### DIRECTIONS FOR THIS TASK
Transcribe exactly, please, the line bearing "I was a skeptic" and all later lines through the end of the records, with the pictures left out.

[Records from a data source]
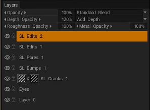 I need to also mention that the layer panel is exactly the same that you find in the paint workspace and it stores color, glossiness or roughness, metalness and depth. And in the depth channel, 3D coat is storing all your deformation changes. You never have to turn on a recording. 3DCoat’s just storing that information continuously throughout the sculpting process.
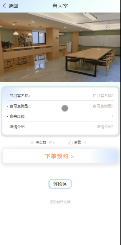 用户可以查看平台上各自习室的详细信息,包括自习室的类型、容量、开放时间、预约情况等。用户可以根据自己的需求选择适合的自习室进行预约。界面如下图所示。
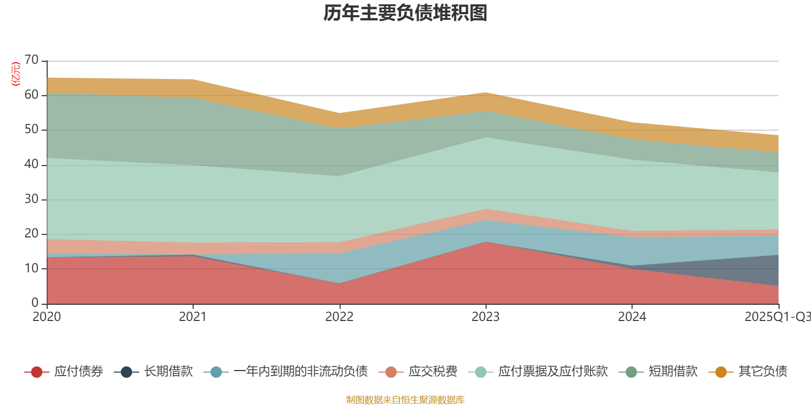 负债重大变化方面,截至2025年三季度末,公司长期借款较上年末增加841.52%,占公司总资产比重上升15.04个百分点;应付债券较上年末减少48.98%,占公司总资产比重下降7.08个百分点;应付票据及应付账款较上年末减少19.86%,占公司总资产比重下降3.37个百分点;一年内到期的非流动负债较上年末减少32.51%,占公司总资产比重下降3.26个百分点。
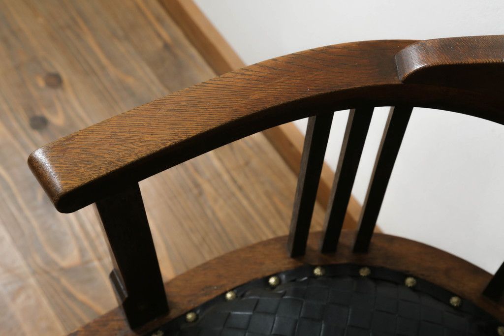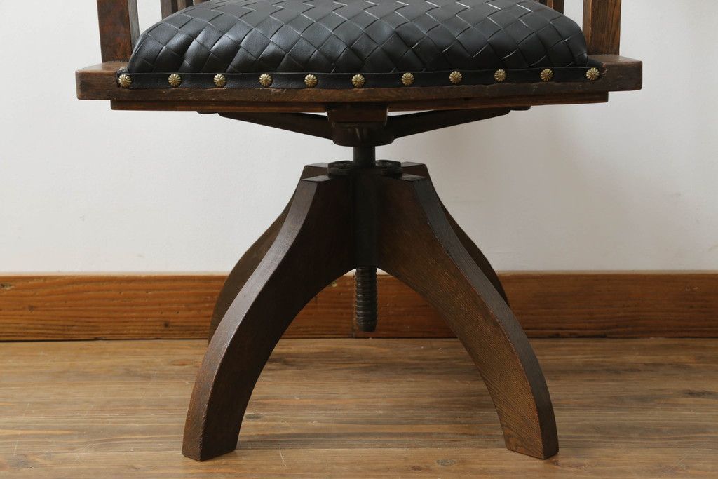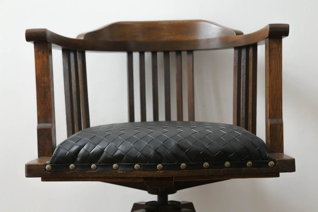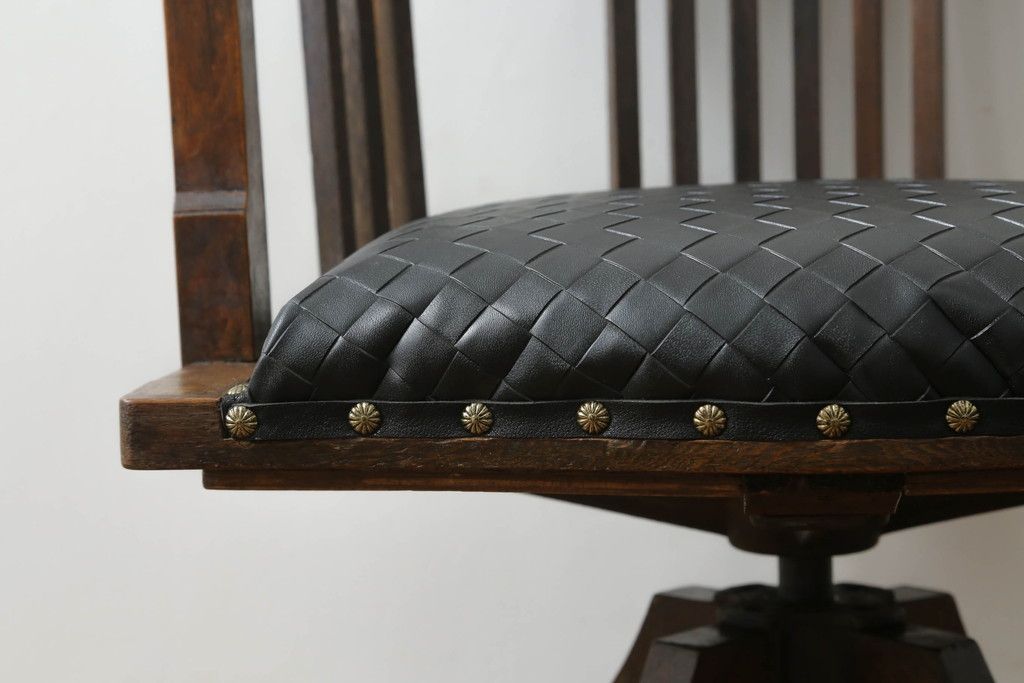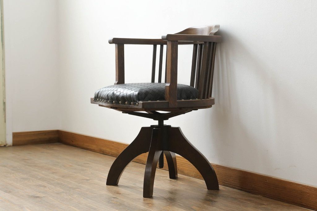 回転チェアをリペア&カスタム!座面を張替え、木部は1トーン落ち着いた色味に着色仕上げ。(回転椅子、イス、ドクターチェア、アームチェア、オフィスチェア、デスクチェア)
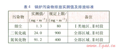 經(jīng)環(huán)保部門檢測,鍋爐污染物排放實(shí)測值及規(guī)定上限見表4。執(zhí)行標(biāo)準(zhǔn)為GB l3271-2001《鍋爐大氣污染物排放標(biāo)準(zhǔn)》。由表4可知,各項(xiàng)污染物排放指標(biāo)符合要求。
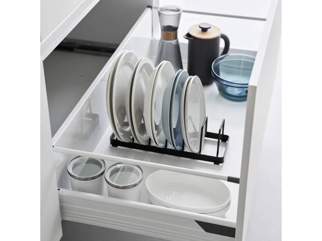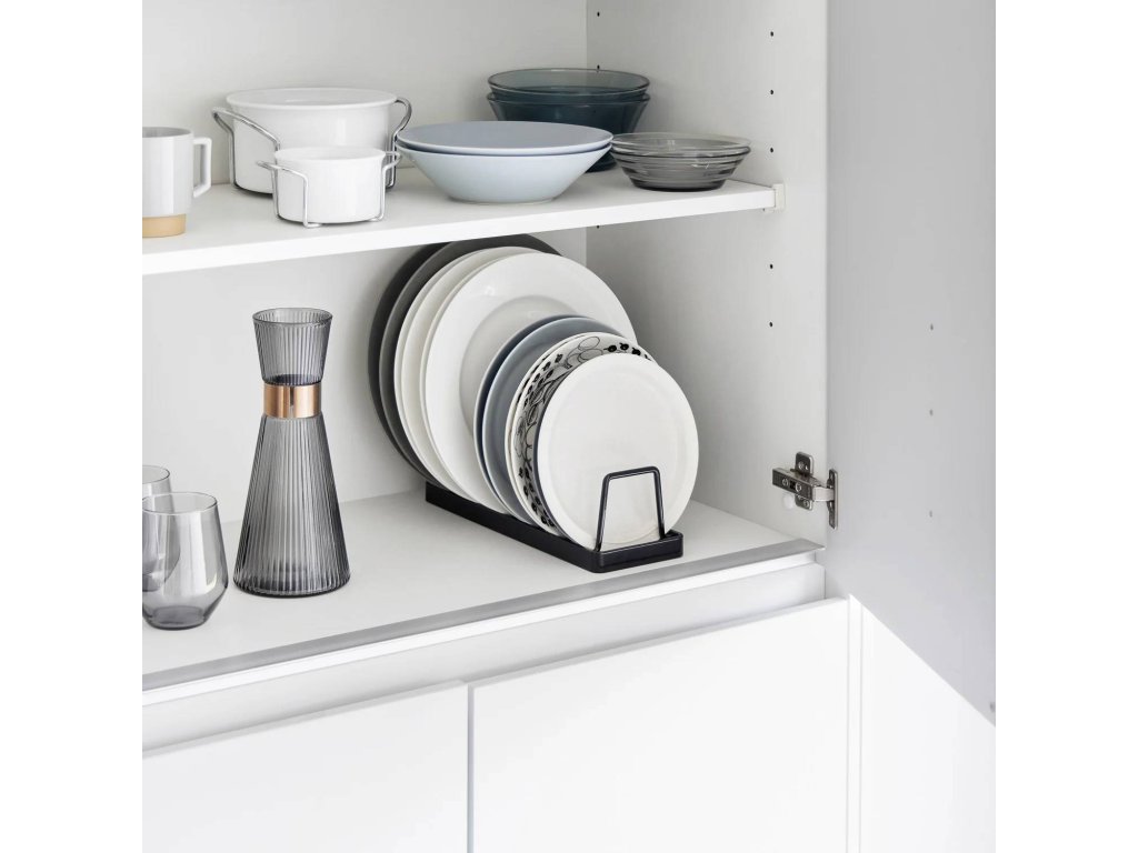 Kovový kompaktní stojan pro bezpečné uložení a snadný přístup k talířům – YAMAZAKI Tower 1375 (bílý) / 1376 (černý). Svislé řešení pro ukládání talířů odstraňuje riziko poškrábání způsobené jejich stohováním. Usnadňuje přístup a vede k efektivnímu využití prostoru skříňky. Stojan je kompatibilní s talíři o velikost 18-30 cm a výšce až 4 cm. Čtyři ochranné nožky chrání povrch a zajišťují lepší stabilitu. Pouze ruční mytí.
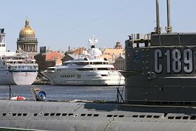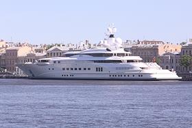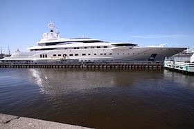 Яхта “Пелорус”, принадлежащая миллиардеру Роману Абрамовичу пришвартованнная у Английской набережной.
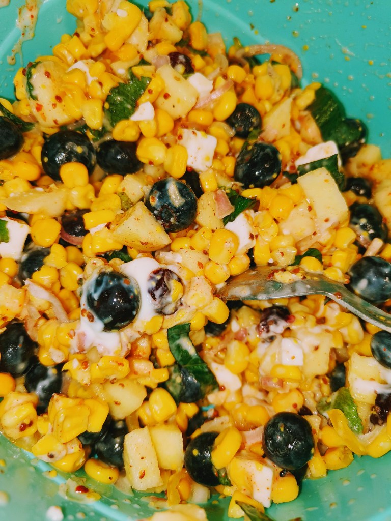 I was a skeptic going into this recipe but I couldn’t deny just how tasty it sounded and looked. I mean deep blue berries and bright yellow corn? Sign me up…twice.
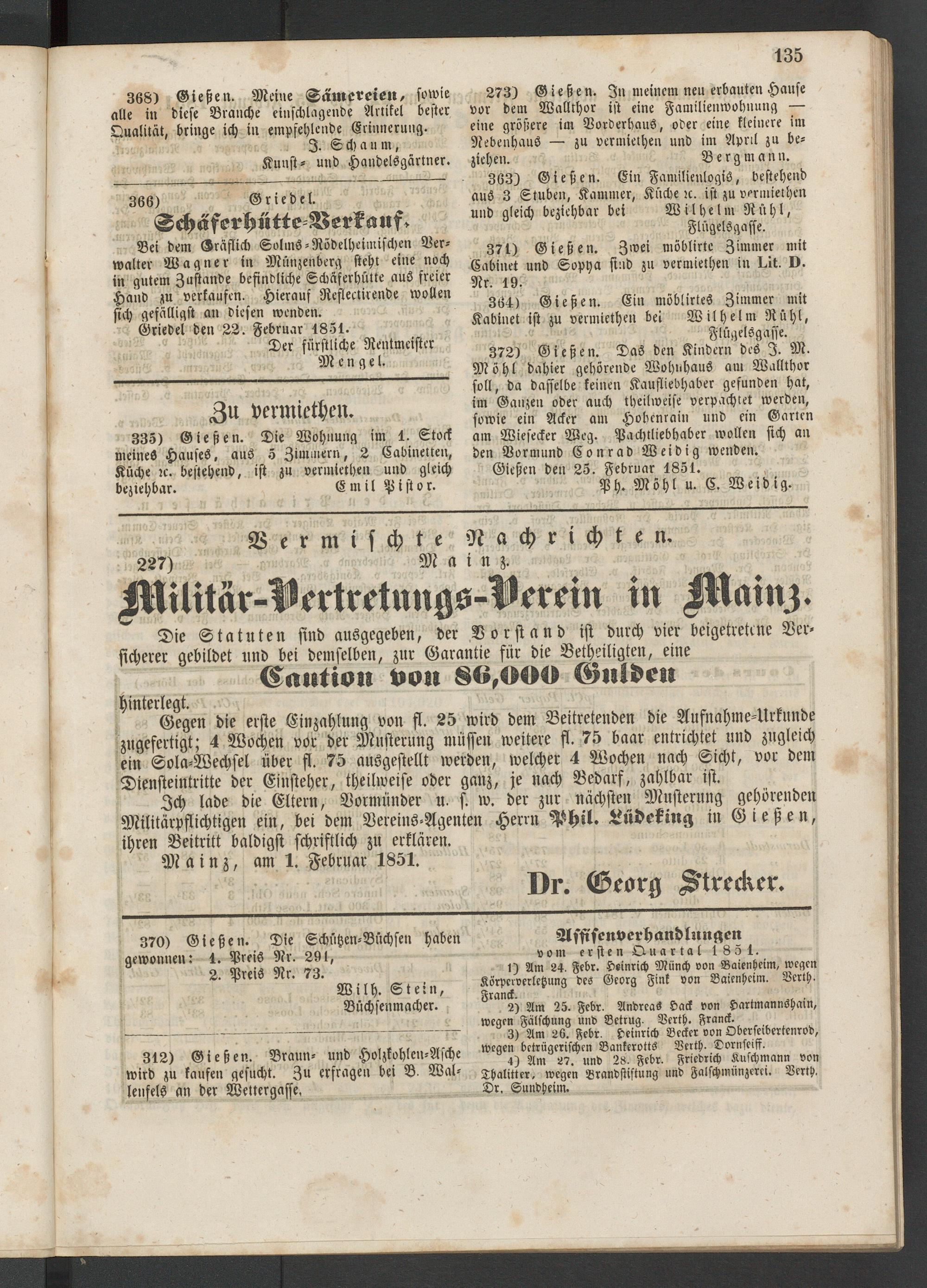 Ich lade die Eltern, Vormünder u. s. w. der zur nächsten Musterung gehörenden Militärpflichtigen ein, bei dem Vereins-Agenten Herrn Phil. Lüdeking in Gießen,
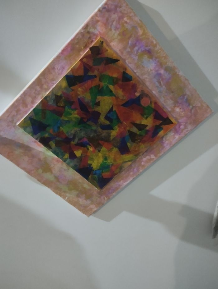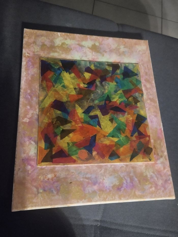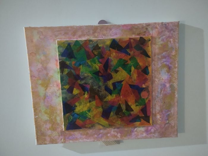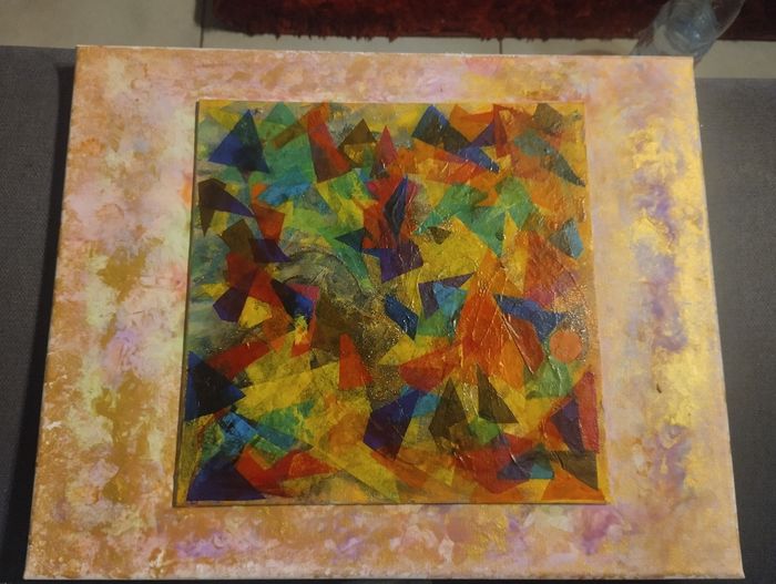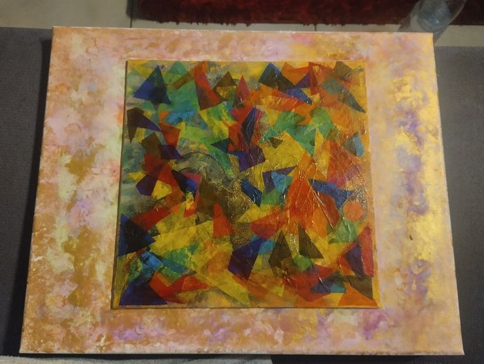 Description premium et séduisante : Œuvre abstraite unique composée de deux éléments : un petit cadre coloré, rempli de formes géométriques vibrantes, soigneusement collé sur un cadre plus grand. Cette superposition crée un effet de profondeur très moderne et donne à la pièce une présence visuelle forte. Les couleurs se mêlent avec transparence et lumière, offrant un rendu dynamique et harmonieux. Une légère trace de peinture traverse la toile et un petit voile coloré apparaît sur le côté : ces détails authentiques témoignent du geste artistique et renforcent le caractère original de l’œuvre. Un tableau lumineux, contemporain et plein de personnalité, idéal pour apporter une touche artistique qui attire immédiatement le regard dans n’importe quel intérieur. ---
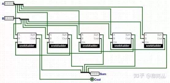 他把黑盒子里的零件全拿了出来,四人忙碌地工作着。很快,他们拥有了5个全加器,基于小红的设计连了起来:
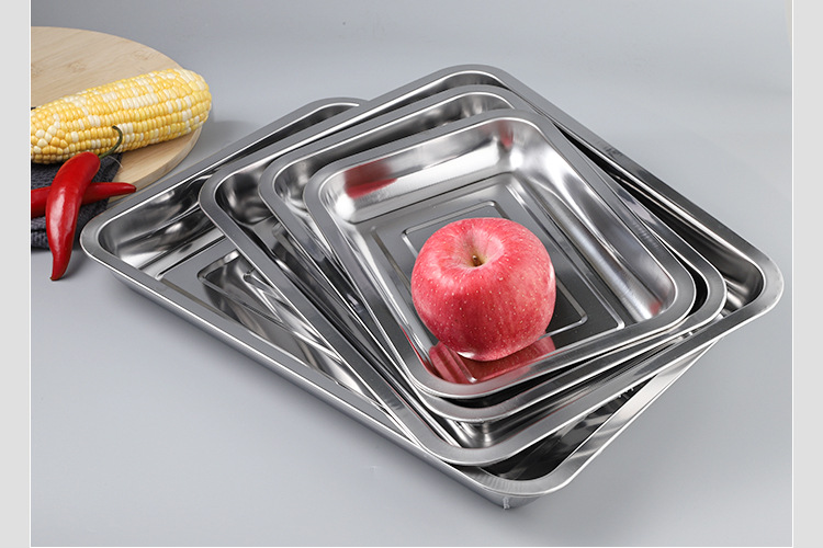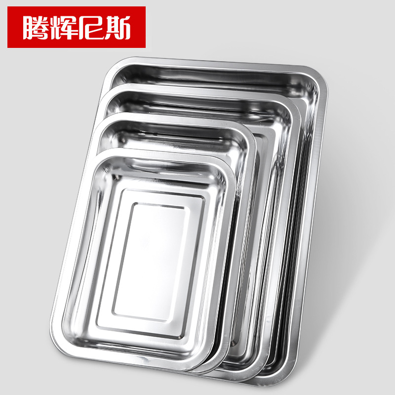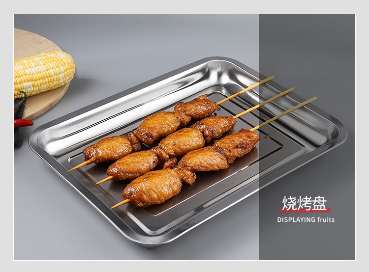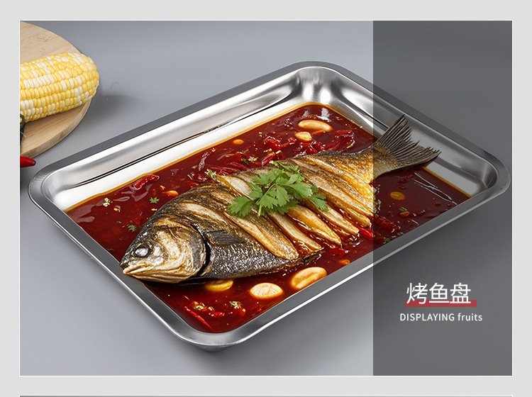 스테인레스 스틸 스퀘어 플레이트 두껍게 된 딥 멀티 사용 직사각형 구운 생선 트레이 바베큐 꼬치 찜 쌀판 매점 플레이트스토어 가기
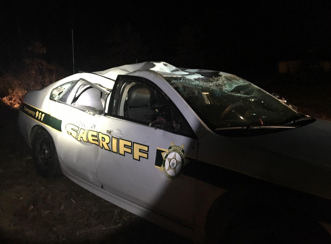 No one is hurt when the deputy’s patrol car rolled over Saturday.
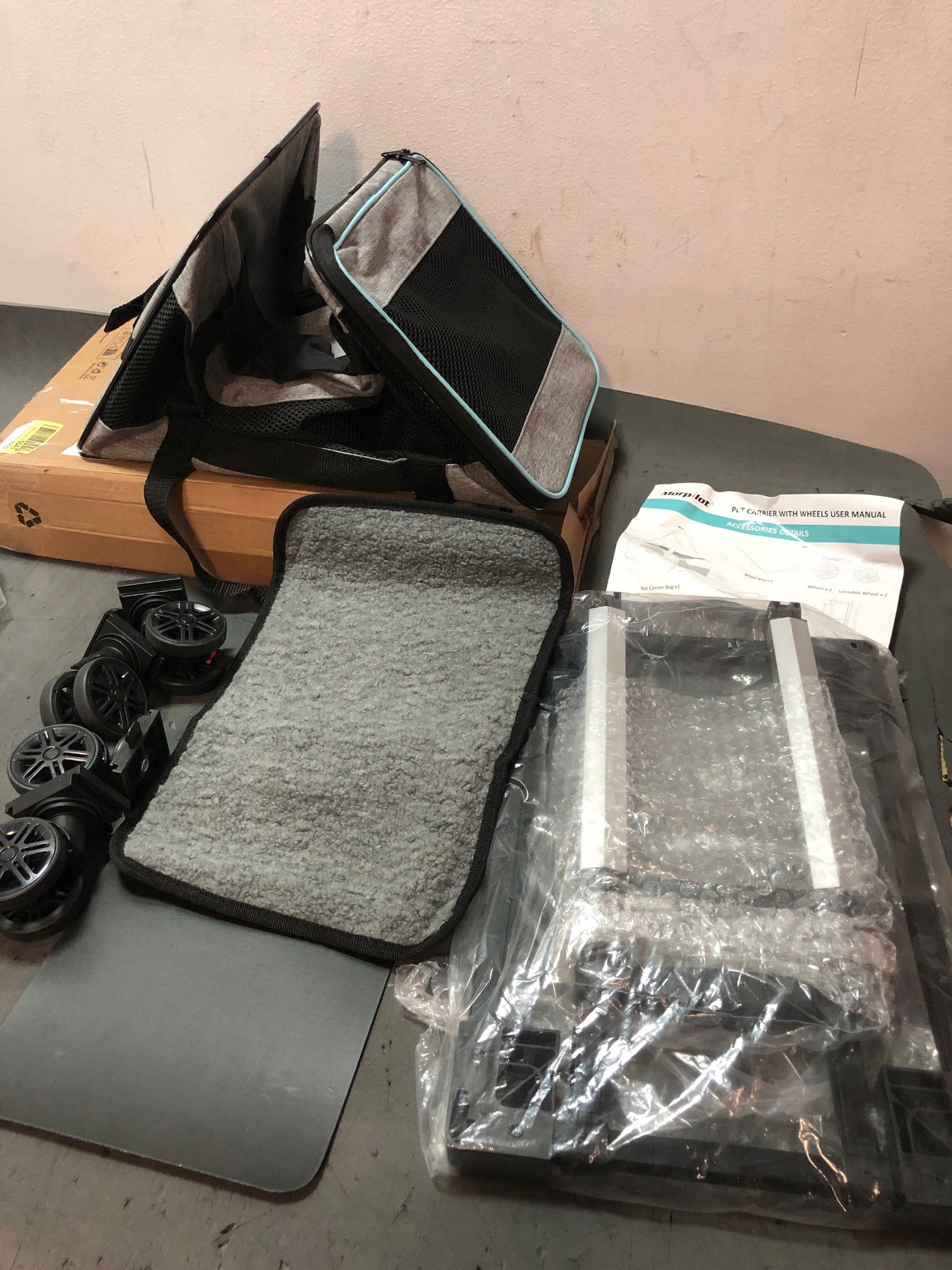 - zawarte komponenty: transporter dla kotów, Pasek na ramię, Wózek na kółkach, koła

### THE ANSWER
 I was a skeptic going into this recipe but I couldn’t deny just how tasty it sounded and looked. I mean deep blue berries and bright yellow corn? Sign me up…twice.
 Ich lade die Eltern, Vormünder u. s. w. der zur nächsten Musterung gehörenden Militärpflichtigen ein, bei dem Vereins-Agenten Herrn Phil. Lüdeking in Gießen,
 Description premium et séduisante : Œuvre abstraite unique composée de deux éléments : un petit cadre coloré, rempli de formes géométriques vibrantes, soigneusement collé sur un cadre plus grand. Cette superposition crée un effet de profondeur très moderne et donne à la pièce une présence visuelle forte. Les couleurs se mêlent avec transparence et lumière, offrant un rendu dynamique et harmonieux. Une légère trace de peinture traverse la toile et un petit voile coloré apparaît sur le côté : ces détails authentiques témoignent du geste artistique et renforcent le caractère original de l’œuvre. Un tableau lumineux, contemporain et plein de personnalité, idéal pour apporter une touche artistique qui attire immédiatement le regard dans n’importe quel intérieur. ---
 他把黑盒子里的零件全拿了出来,四人忙碌地工作着。很快,他们拥有了5个全加器,基于小红的设计连了起来:
 스테인레스 스틸 스퀘어 플레이트 두껍게 된 딥 멀티 사용 직사각형 구운 생선 트레이 바베큐 꼬치 찜 쌀판 매점 플레이트스토어 가기
 No one is hurt when the deputy’s patrol car rolled over Saturday.
 - zawarte komponenty: transporter dla kotów, Pasek na ramię, Wózek na kółkach, koła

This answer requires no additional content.